# [Task statement]
Please return each entry that follows exactly as given, but without pictures.

# [Dataset records]
◇ ◇ ◇ ◇ ◇

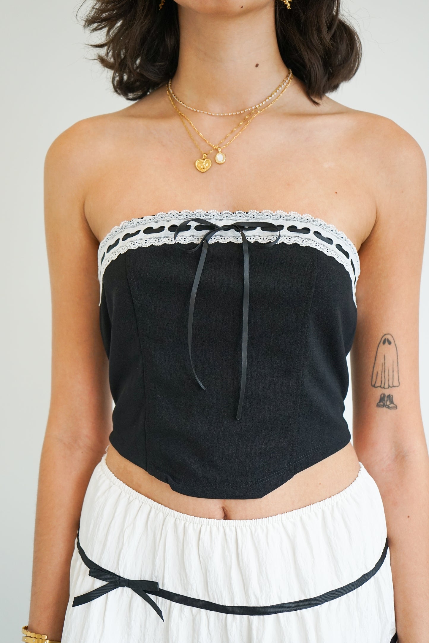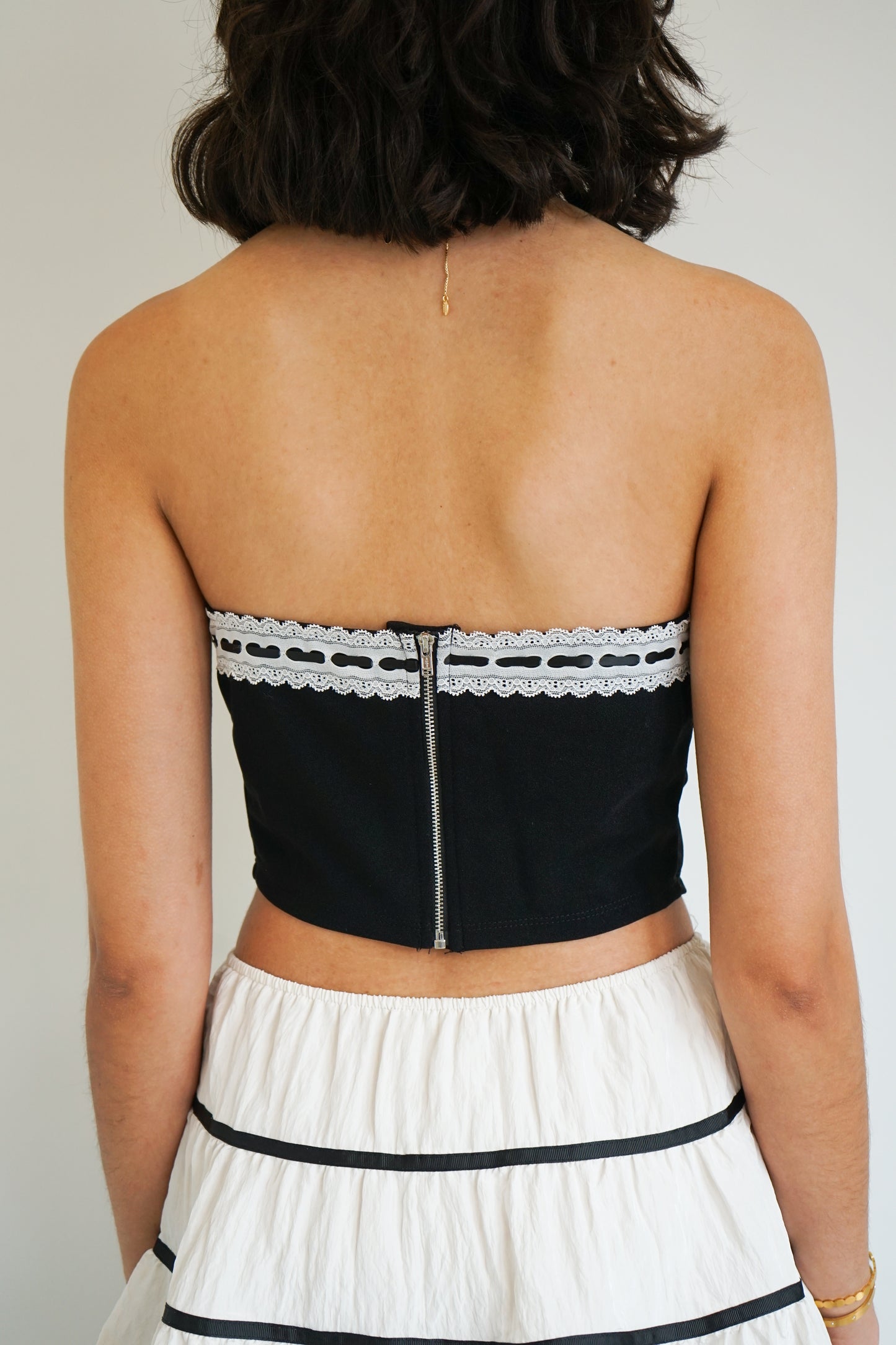 The Clara Tube top is a black strapless tube top with a white lace trim. Black ribbon adjustable across the chest. Zipper closure in the back. Pair with our Juliette Skirt to complete the look. Super comfortable and breathable material. Beautiful, feminine design. Dress up or down, very versatile.
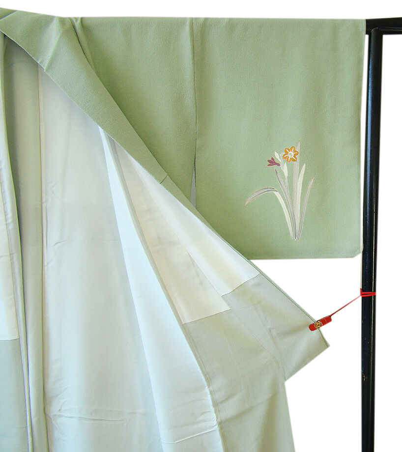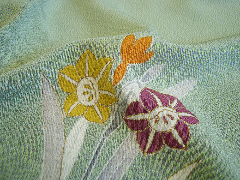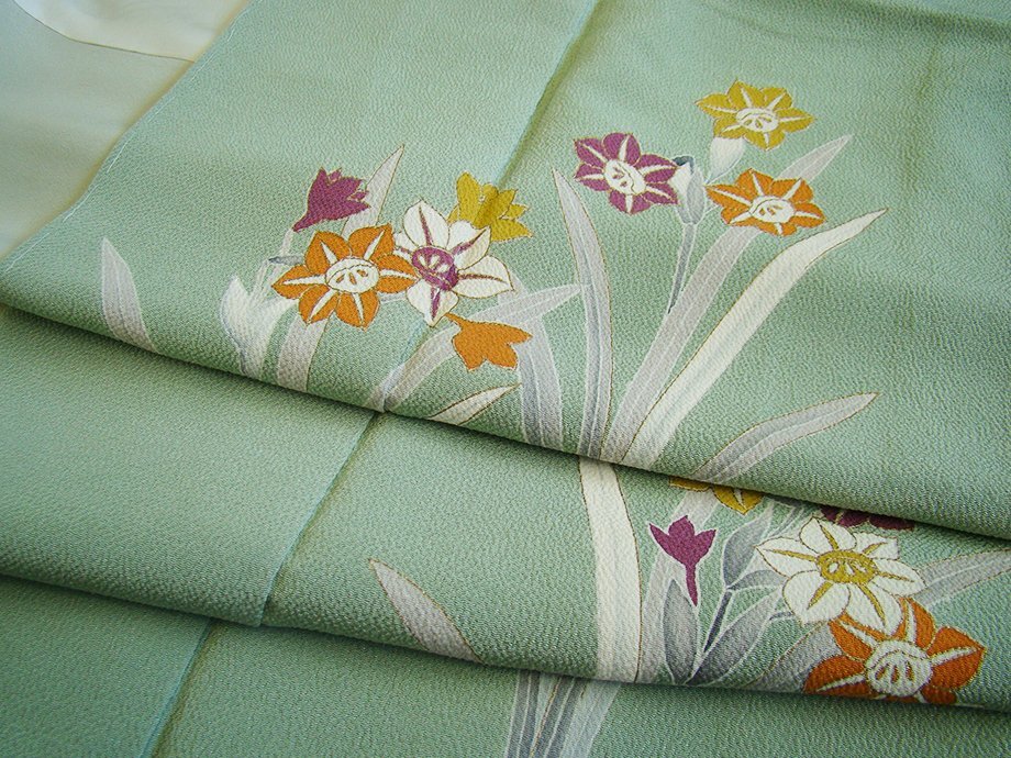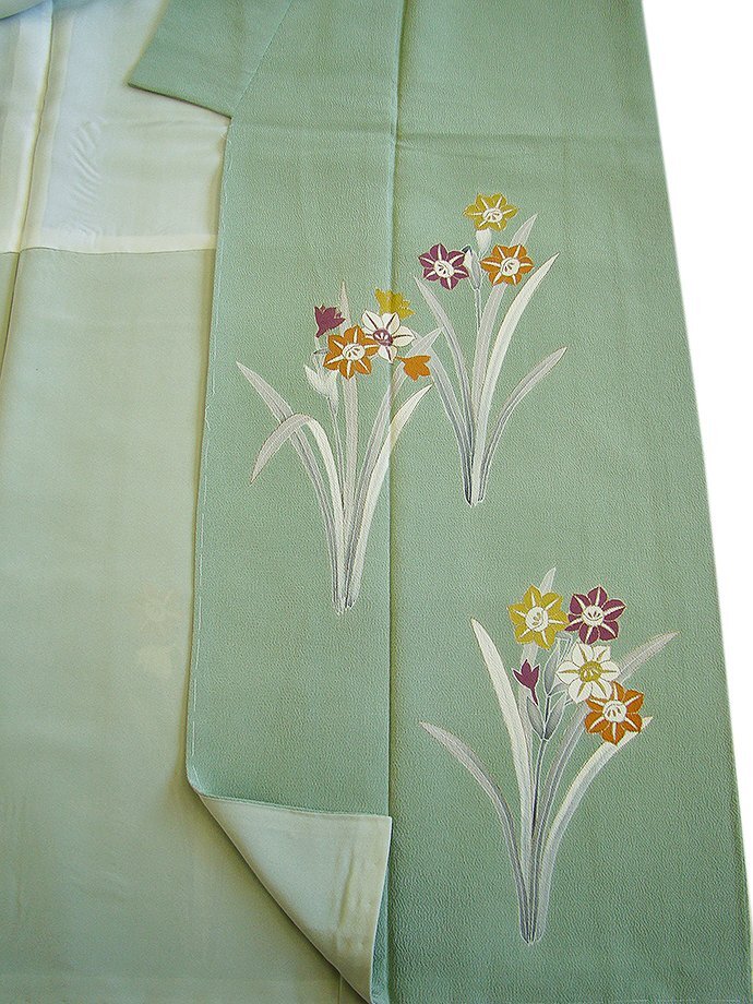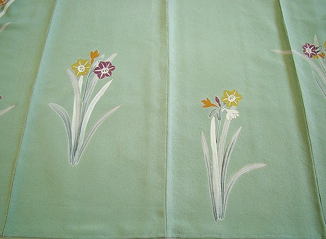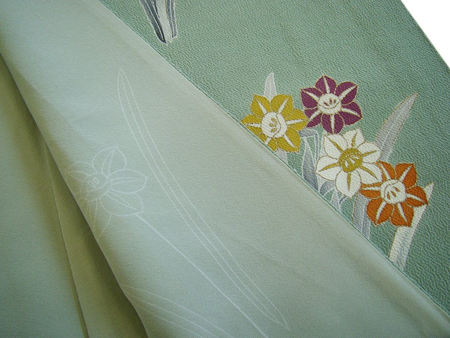 | 商品説明 | こちらのお品は「袷」ですので10月から5月までお召頂ければと思います。 とてもしなやかで柔らかな手触りの着心地良いぽってりとした上質な重めの極上ちりめん地の生地、 裏葉柳色地に灰、灰白、柿、からし、葡萄色等の花草柄の染柄に金彩加工仕立て、 気品に満ち溢れた彩りが正統派のお着物として一枚は欲しい逸品の素敵なお着物です。 八掛は薄いホワイトリリー色に柄入り(正絹)、裄長め、幅広い年代の方にお召頂けます。 |
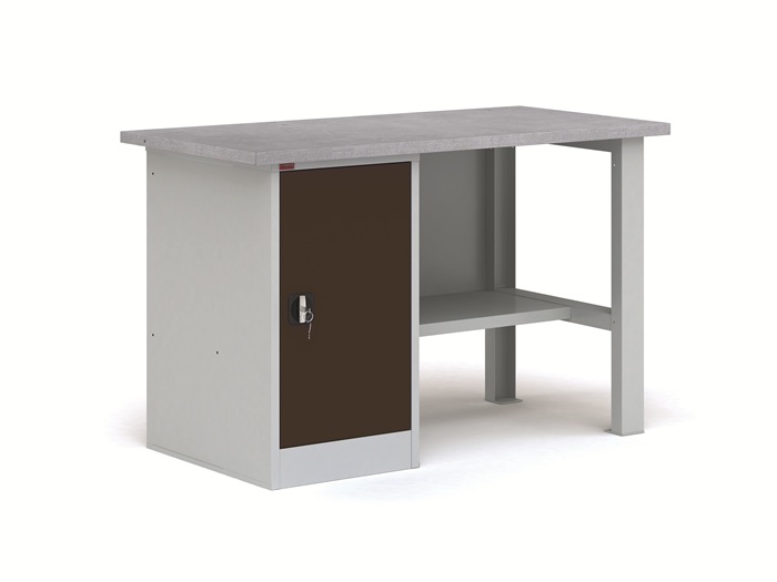 Металлические слесарный верстак ВП-2/1,2 черный представляет собой рабочий стол для ручной обработки металлических, деревянных изделий, а также предметов, выполненных из других материалов. Металлический верстак используется в мастерских, гаражах, автосервисах и в других рабочих зонах. Он являются основой, как небольшого промышленного производства, так и крупного предприятия. Допустимая равномерно распределенная нагрузка на верстак - 1000 кг, на полку верстачную - 40 кг, на полку тумбы- 30 кг. В комплект верстака ВП-2/1,2 черный входит: столешница СТ-1,2 из МДФ, покрытая оцинкованным листовым металлом, комплект -2/1,2 (стенка задняя металлическая, металлическая верстачная опора), тумба Т-1 с двумя съемными полками. Дверь тумбы закрывается ключевым замком. Тумбу можно установить как с левой, так и правой стороны верстака. Дополнительно на верстак можно установить перфорированные экраны соответствующего размера, аксессуары на экран. Цвет: верстак - серый Ral 7035, дверь тумбы - черный муар Ral 7021
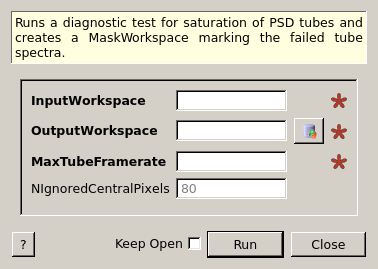 Runs a diagnostic test for saturation of PSD tubes and creates a MaskWorkspace marking the failed tube spectra.
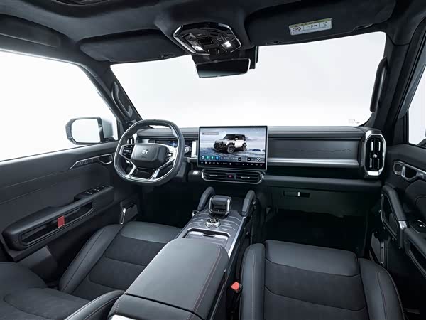 内饰方面,新车保持了捷途旅行者的设计风格,采用横平竖直的线条,配备全液晶仪表盘和大尺寸中控屏。高通8155芯片的加入提升了智能体验,未来还将通过OTA升级银龙之翼主题车机。

◇ ◇ ◇ ◇ ◇

# [Written solution]
 The Clara Tube top is a black strapless tube top with a white lace trim. Black ribbon adjustable across the chest. Zipper closure in the back. Pair with our Juliette Skirt to complete the look. Super comfortable and breathable material. Beautiful, feminine design. Dress up or down, very versatile.
 | 商品説明 | こちらのお品は「袷」ですので10月から5月までお召頂ければと思います。 とてもしなやかで柔らかな手触りの着心地良いぽってりとした上質な重めの極上ちりめん地の生地、 裏葉柳色地に灰、灰白、柿、からし、葡萄色等の花草柄の染柄に金彩加工仕立て、 気品に満ち溢れた彩りが正統派のお着物として一枚は欲しい逸品の素敵なお着物です。 八掛は薄いホワイトリリー色に柄入り(正絹)、裄長め、幅広い年代の方にお召頂けます。 |
 Металлические слесарный верстак ВП-2/1,2 черный представляет собой рабочий стол для ручной обработки металлических, деревянных изделий, а также предметов, выполненных из других материалов. Металлический верстак используется в мастерских, гаражах, автосервисах и в других рабочих зонах. Он являются основой, как небольшого промышленного производства, так и крупного предприятия. Допустимая равномерно распределенная нагрузка на верстак - 1000 кг, на полку верстачную - 40 кг, на полку тумбы- 30 кг. В комплект верстака ВП-2/1,2 черный входит: столешница СТ-1,2 из МДФ, покрытая оцинкованным листовым металлом, комплект -2/1,2 (стенка задняя металлическая, металлическая верстачная опора), тумба Т-1 с двумя съемными полками. Дверь тумбы закрывается ключевым замком. Тумбу можно установить как с левой, так и правой стороны верстака. Дополнительно на верстак можно установить перфорированные экраны соответствующего размера, аксессуары на экран. Цвет: верстак - серый Ral 7035, дверь тумбы - черный муар Ral 7021
 Runs a diagnostic test for saturation of PSD tubes and creates a MaskWorkspace marking the failed tube spectra.
 内饰方面,新车保持了捷途旅行者的设计风格,采用横平竖直的线条,配备全液晶仪表盘和大尺寸中控屏。高通8155芯片的加入提升了智能体验,未来还将通过OTA升级银龙之翼主题车机。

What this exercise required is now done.